I just sent out the first email invitation for Balanced Roar for this project. I am both sick to my stomach and riding high – much like being on a rollercoaster. I use emotional granularity to figure out what’s really going on.
I am f*cking scared putting myself out there to be seen, witnessed, judged even. My heart is pounding! I might puke.
Not because I have any doubt but because pushing past the limits puts me in the Unknown. What if this works? What if it is successful? What then? Life as I know it, as I’m comfortable with, changes. For the better, I am sure, but not like it IS, not familiar. Like finishing a level in Super Mario Brothers: I feel confident I can move on because I completed this level, excited to see what world opens up when I move forward, nervous it might be the molten lava level and not the cute fluffy clouds level.
Ah, fear, that’s what’s under there. I feel scared. But it’s more than that. I looked up the wheel of emotions, developed by psychologist Robert Plutchik. The example below is more in depth than what he developed and is regularly used by psychologists today.
Emotional Granularity
Start in the inner wheel to identify your primary emotion. Follow the track out for more specific words to identify your feelings. This wheel is great for those of us who didn’t grow up with an extensive emotional vocabulary.
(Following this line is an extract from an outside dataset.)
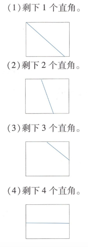 4. 按要求在长方形的纸上剪一刀,该怎么剪?在图上画一画。
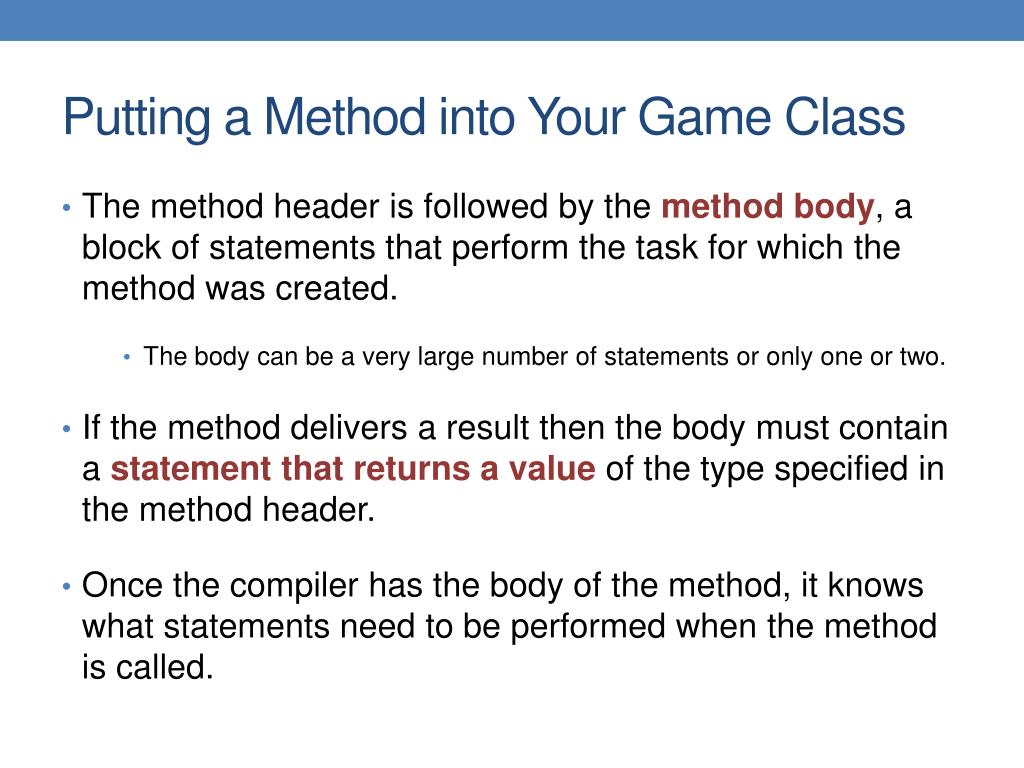 Putting a Method into Your Game Class • The method header is followed by the method body, a block of statements that perform the task for which the method was created. • The body can be a very large number of statements or only one or two. • If the method delivers a result then the body must contain a statement that returns a value of the type specified in the method header. • Once the compiler has the body of the method, it knows what statements need to be performed when the method is called.

So I am Fearful, yes. Not scared, weak, rejected, or threatened. I feel insecure. Anxious.
Dialed in further – insecure – inadequate. Oh that rings a bell. I feel inadequate. That brings tears to my eyes when I say it. Just saying scared did not have that same reaction. I feel inadequate – to lead, to be seen, to be a good steward of success. I feel like I am not enough – oh, that’s a common story for me. Unworthiness.
I feel anxious – worried – actually no, that doesn’t hit as hard. I’m not worried about the content or doing the damn thing, I just did the hardest part. I made a commitment to a dozen people that I would show and teach. I asked close friends who I’ve been in the trenches with. If I open Zoom on the day of and see half their faces, two of their faces, I’ll be reassured. I’m not worried no one will come. I’m not worried they won’t “get it.” I’m not really worried – my faith in this project is sturdy.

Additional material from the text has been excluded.